In March 1967, Mr. Pardo was on a mission over North Vietnam in an F-4 Phantom when anti-aircraft fire hit his plane, inflicting damage, while more badly ripping into the fuel tank of another fighter in the strike force. Both jets pulled away to head home. But the second plane had lost too much fuel to make it to safety. Mr. Pardo realized that its twoman crew would be forced to eject over enemy territory and face capture or worse.

Flying beneath the compromise­d plane, Mr. Pardo told its pilot, Capt. Earl Aman, to lower his tailhook — a metal pole at the rear of a fighter used to arrest its landing. At 300 mph, Mr. Pardo nudged his plane’s glass windshield against the tip of the pole. For almost 90 miles, he pushed the other plane as both jets hemorrhage­d fuel, until they crossed the border with Laos. Both crews ejected by parachute and all four men were rescued.

When they returned to their airfield, Ubon Royal Thai Air Force Base in Thailand, Mr. Pardo faced criticism for the highly unorthodox maneuver, which may have saved the lives of Aman and his weapons officer, 1st Lt. Robert Houghton, but came at the cost of Mr. Pardo’s aircraft.

“When we got back to Ubon, they didn’t know whether to court-martial me or pin a medal on my chest,” he recalled in an interview with an Air Force publicatio­n in 1996. “Some people felt I should have let Earl and Bob eject and take their chances, so I could land my aircraft safely.”

“Pardo’s Push” entered Air Force legend, an extraordin­ary act of aerial ballet, but one that would never be prescribed in any pilot manuals or flying simulators. Only once before, during the Korean War, was a similar rescue maneuver ever performed.

The military did not honor Mr. Pardo for decades.
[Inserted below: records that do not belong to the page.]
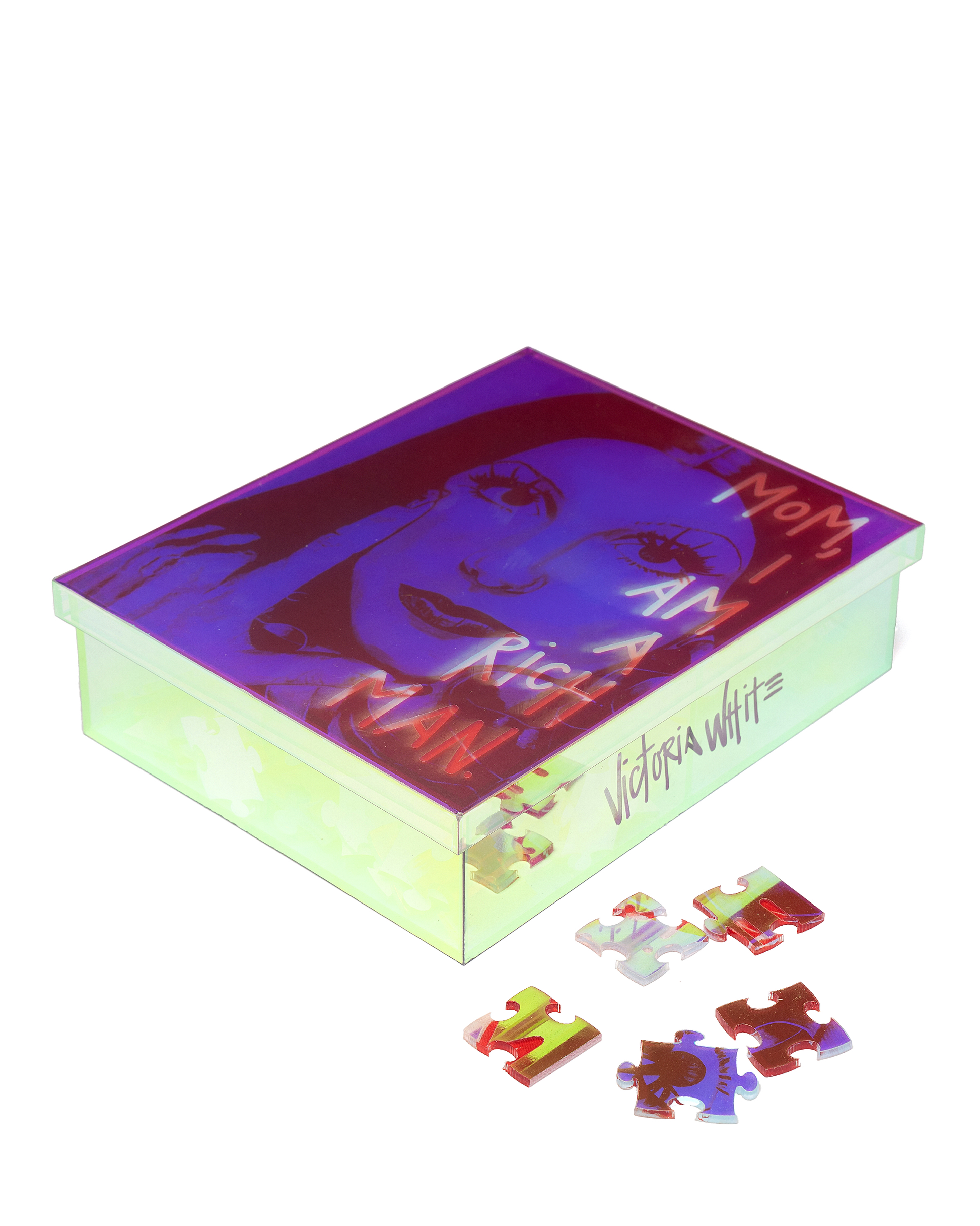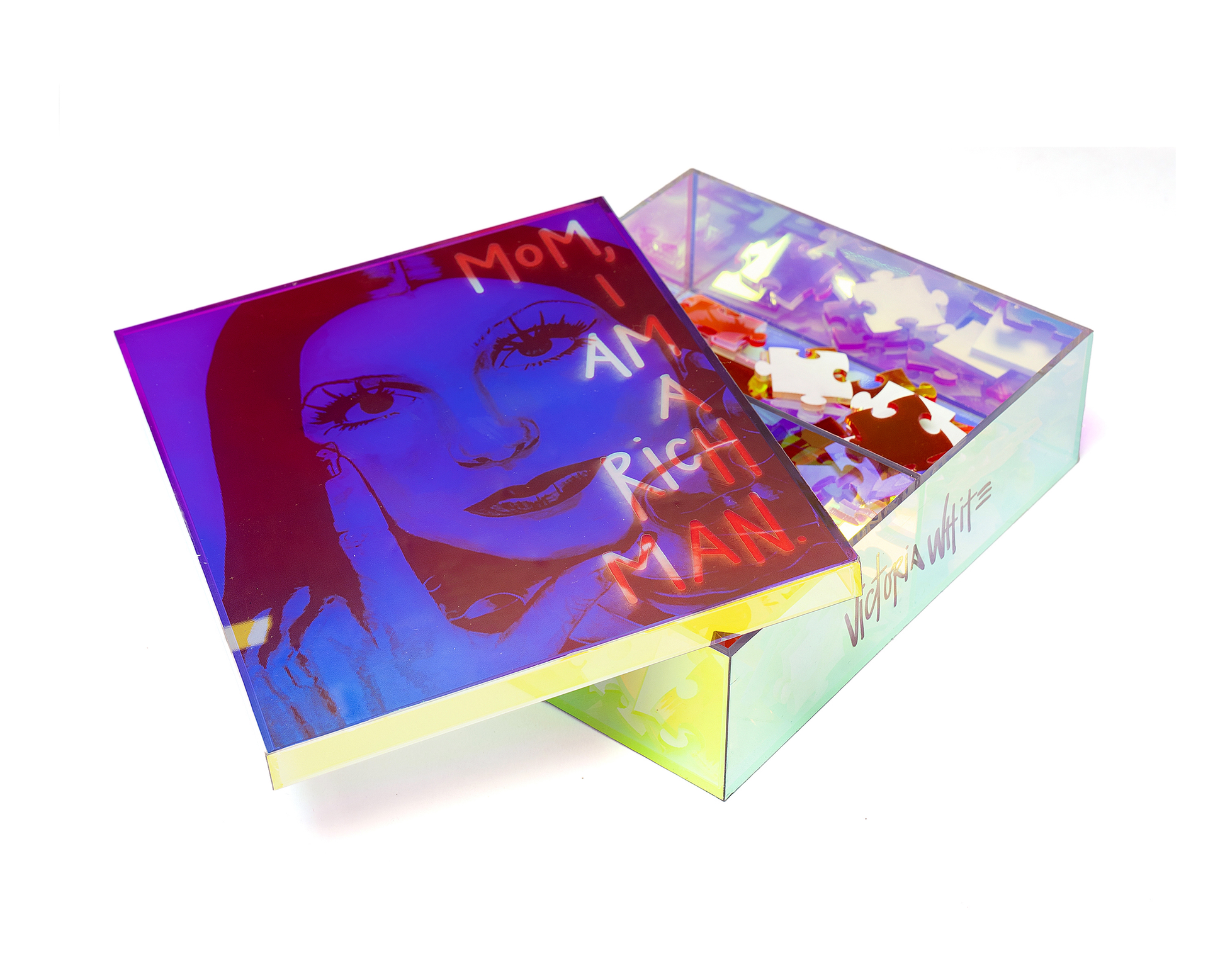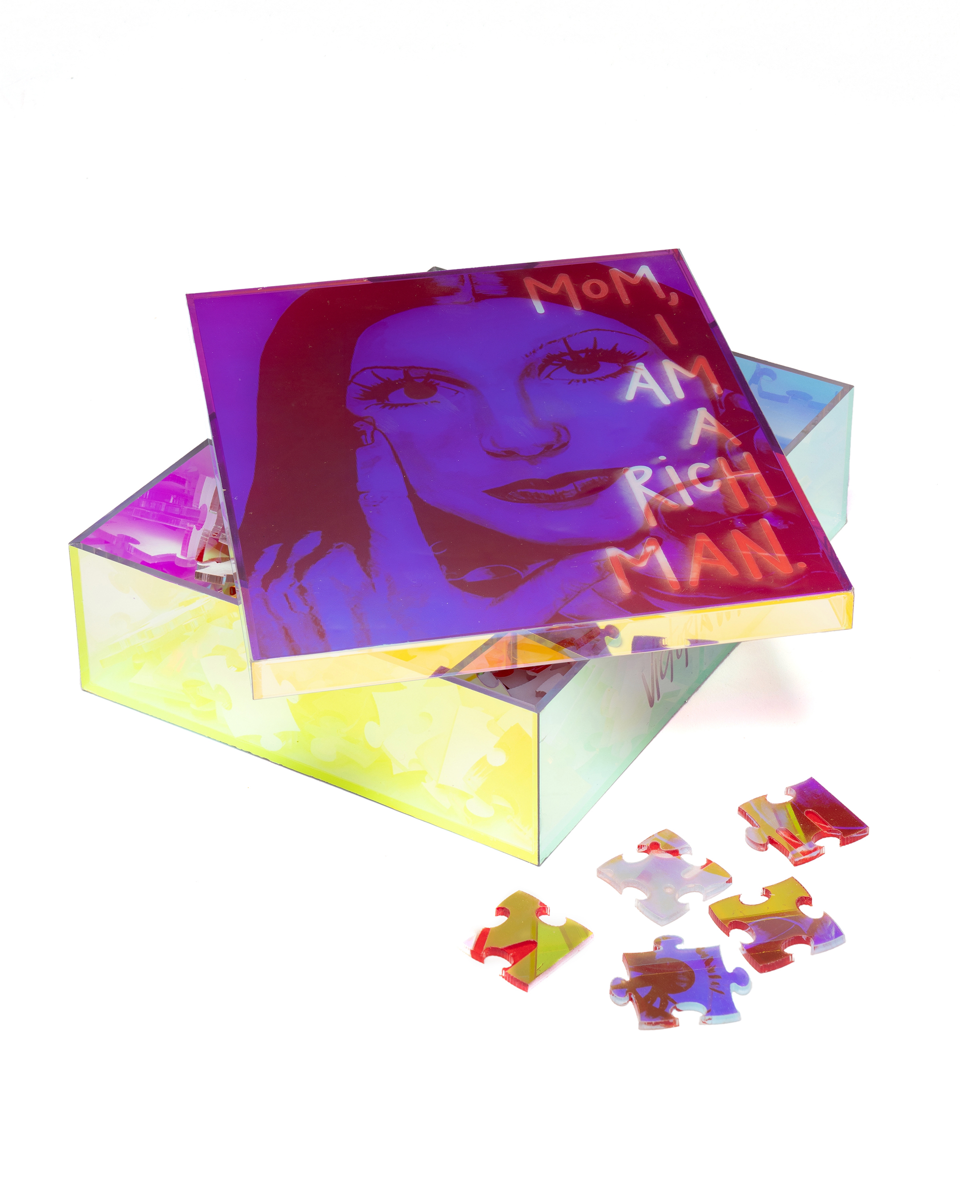 iridescent acrylic box with 80 piece iridescent acrylic puzzle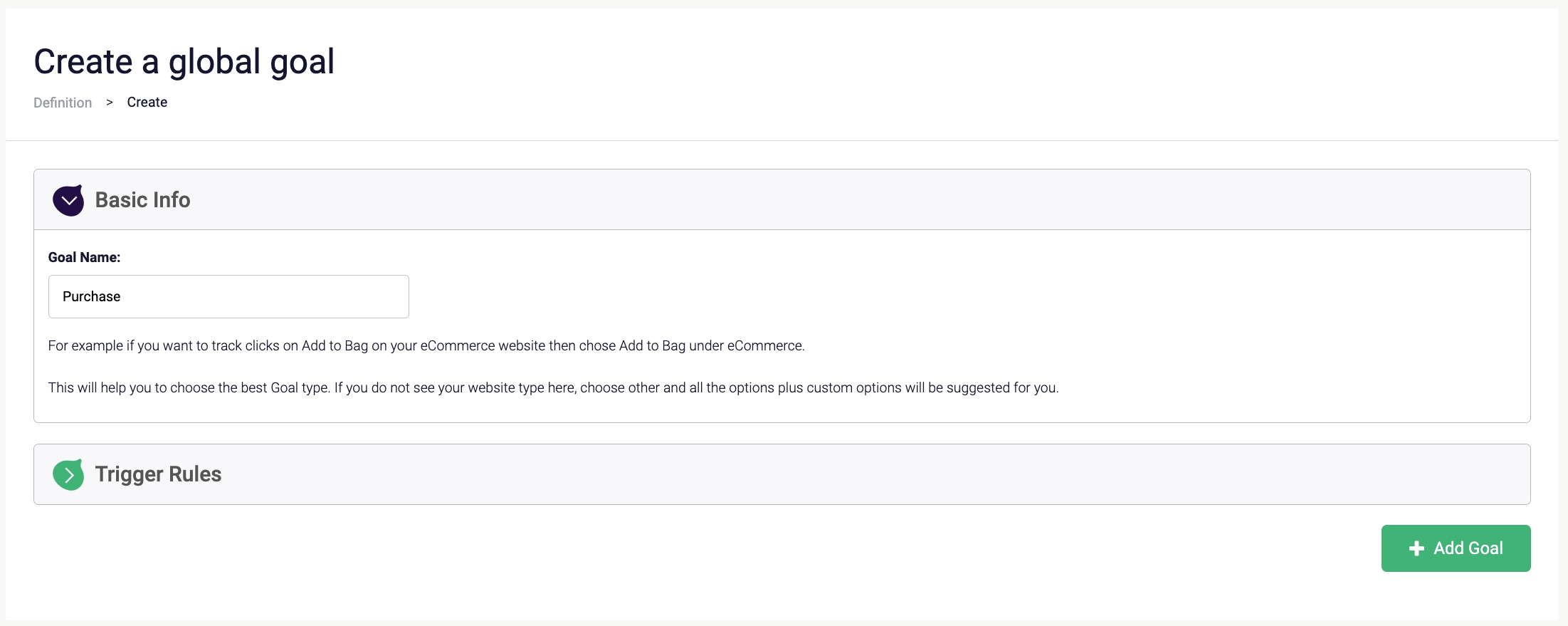 Under Basic Info set a name for your goal, for example Purchase.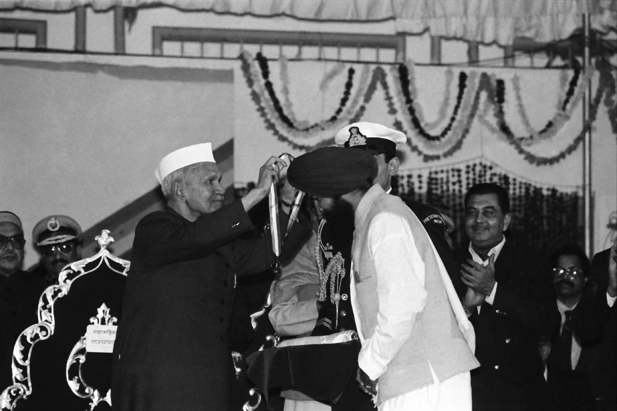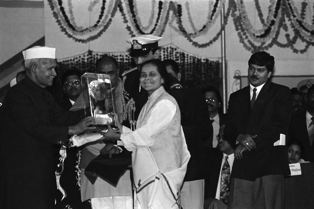 | Caption: | The President of India, Dr. Shankar Dayal Sharma presenting National Youth Awards and releasing Commemorative Stamp after inaugurating the National Youth Festival, at Bhopal, in Madhya Pradesh on January 12, 1995. |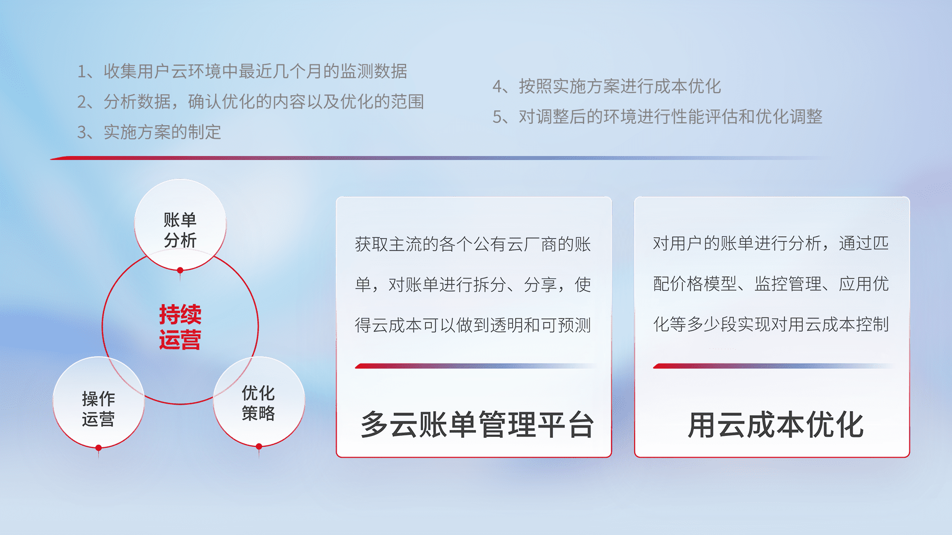 通过多云纳管,,,,以统一的资源数据模型把客户的云资源进行抽象和封装,,,,进而实现对多云资源的统一操作,,,,保障云资源管理的可靠性、、、稳定性与可用性。。。。量身定制化运维内容,,配置、、、、开发运维、、、、补丁管理、、、、备份、、监控、、认证和访问管理、、、、审计和日常巡检等,,,保障在用云过程中的可靠度,,,稳定度以及高可用率。。。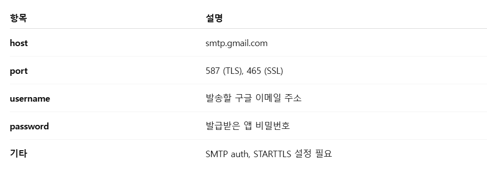 ✅ 구글 Gmail SMTP를 사용하려면 앱 비밀번호를 발급받아야 한다.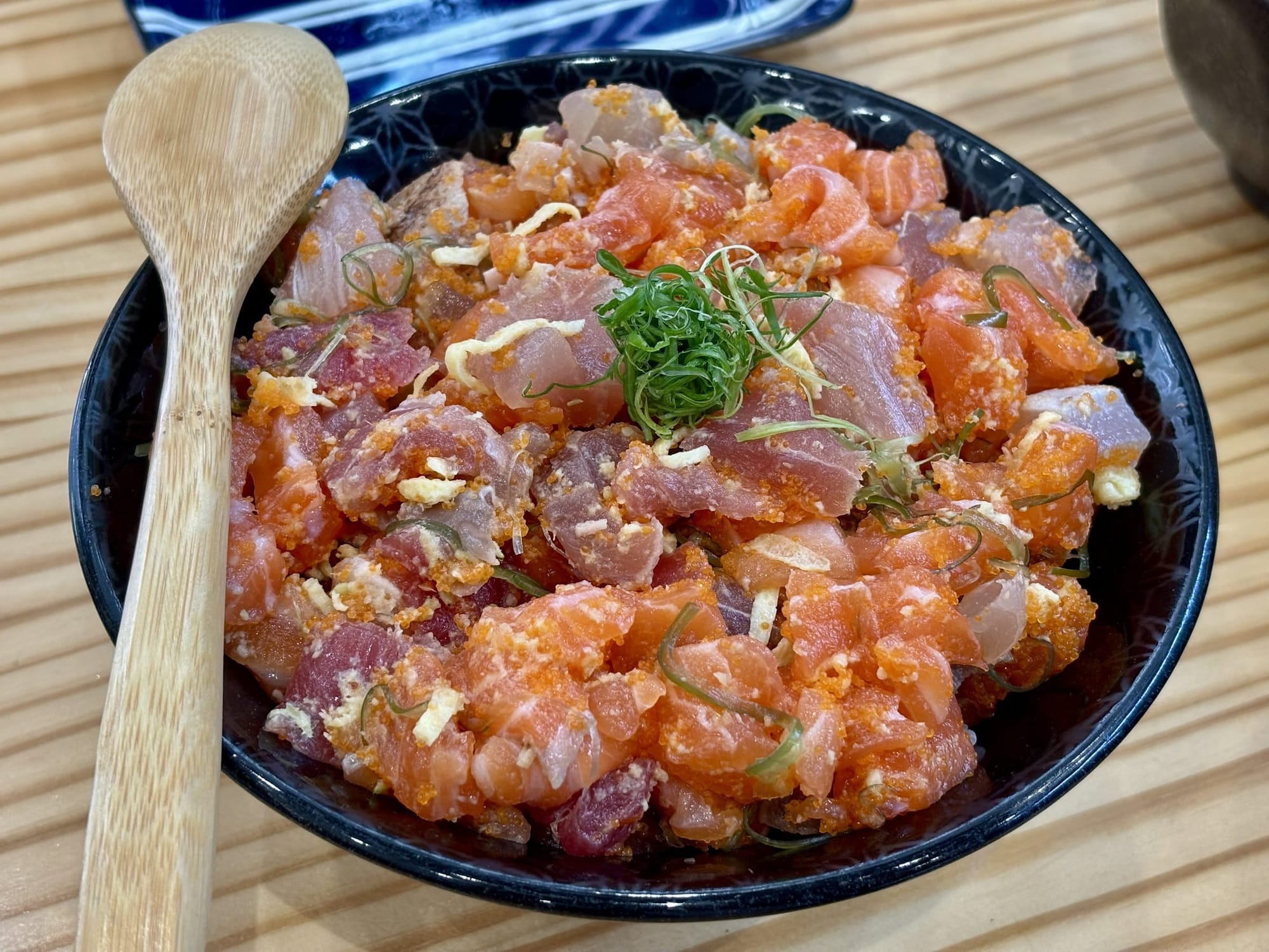 這碗丼飯端上桌時,與其說它是傳統的生魚片蓋飯,不如說是一幅色彩斑斕的「散壽司」畫作。鮭魚、鮪魚與旗魚被貼心地切成略似小型骰子牛般的方丁狀,不僅好入口,視覺上也顯得小巧可愛。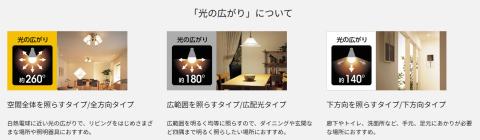 全方向タイプと言われる260度、広配光タイプと言われる180度、下方向タイプと言われる140度。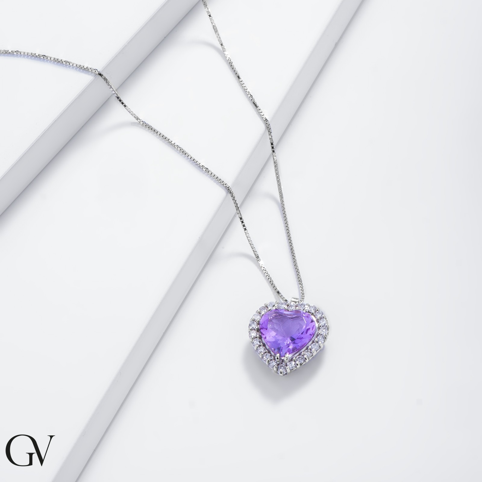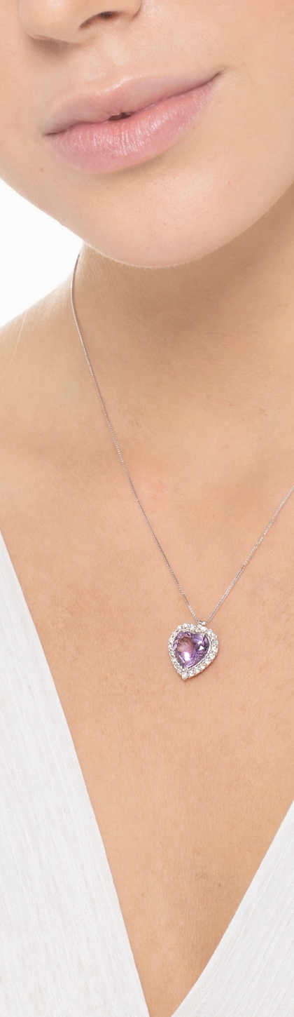 Collier en or blanc 18k avec cœur améthyste et diamants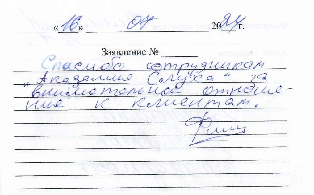 Хочется поблагодарить работников центра «Академия слуха» за внимательное , чуткое отношение к клиентам. Желаю успехов в очень нужной работе для слабослышащих людей. Большое спасибо!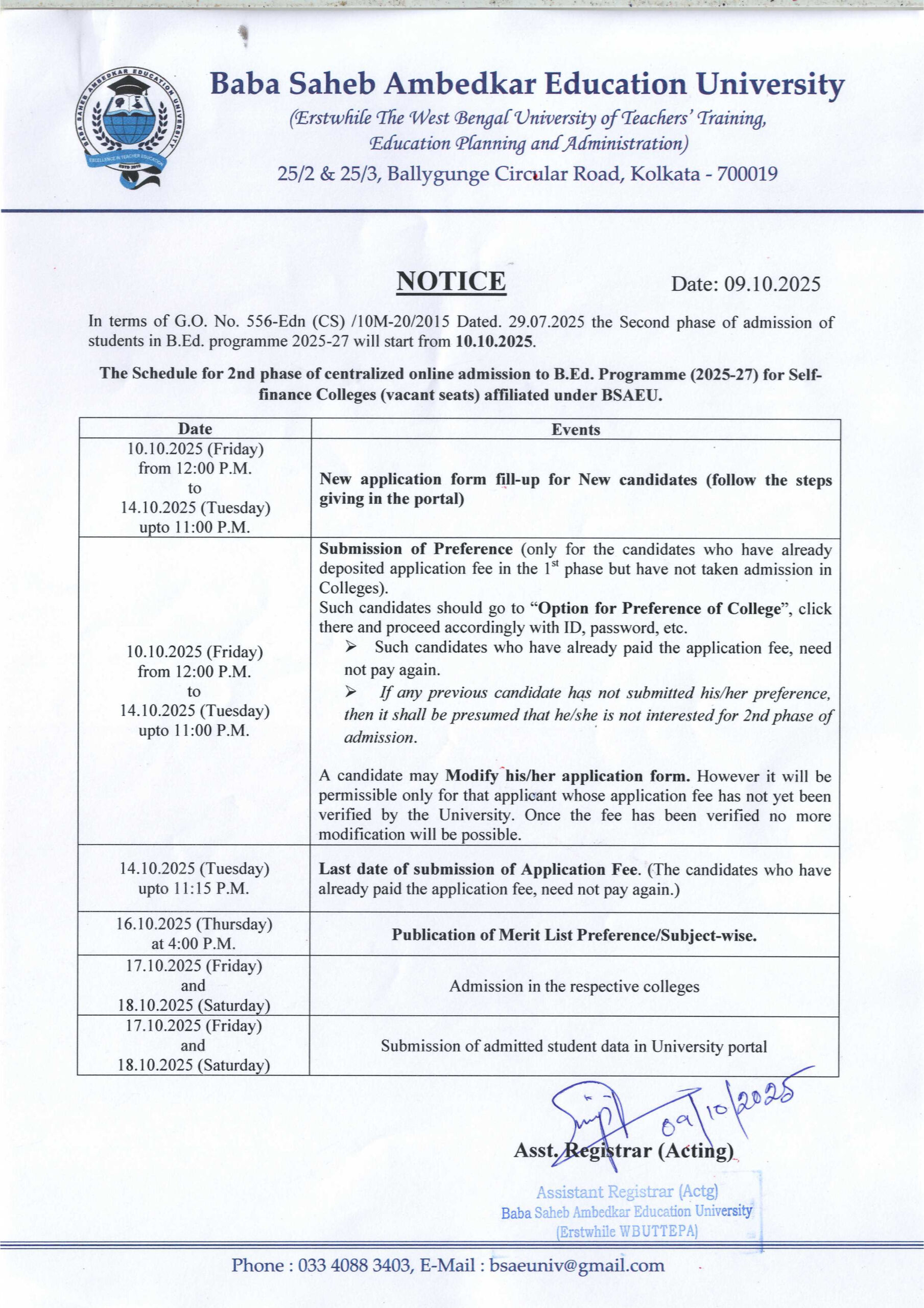Contact the office for Admission to the D.El.Ed. Course, Session 2024-26

In 1989, he was awarded a Silver Star for gallantry.

The citation described him pushing Aman’s aircraft to safety. “The attempt was successful and consequent­ly allowed the crew to avoid becoming prisoners of war,” it read.

In a subsequent interview, Mr. Pardo said he thought of words his father had told him when he made the decision — a risky one since the windshield could have shattered.

“My dad taught me that when your friend needs help, you help,” he said. “I couldn’t have come home and told him I didn’t even try anything. Because that’s exactly what he would have asked me. He would have said, ‘Did you try?’ So I had to be able to answer that with a yes.”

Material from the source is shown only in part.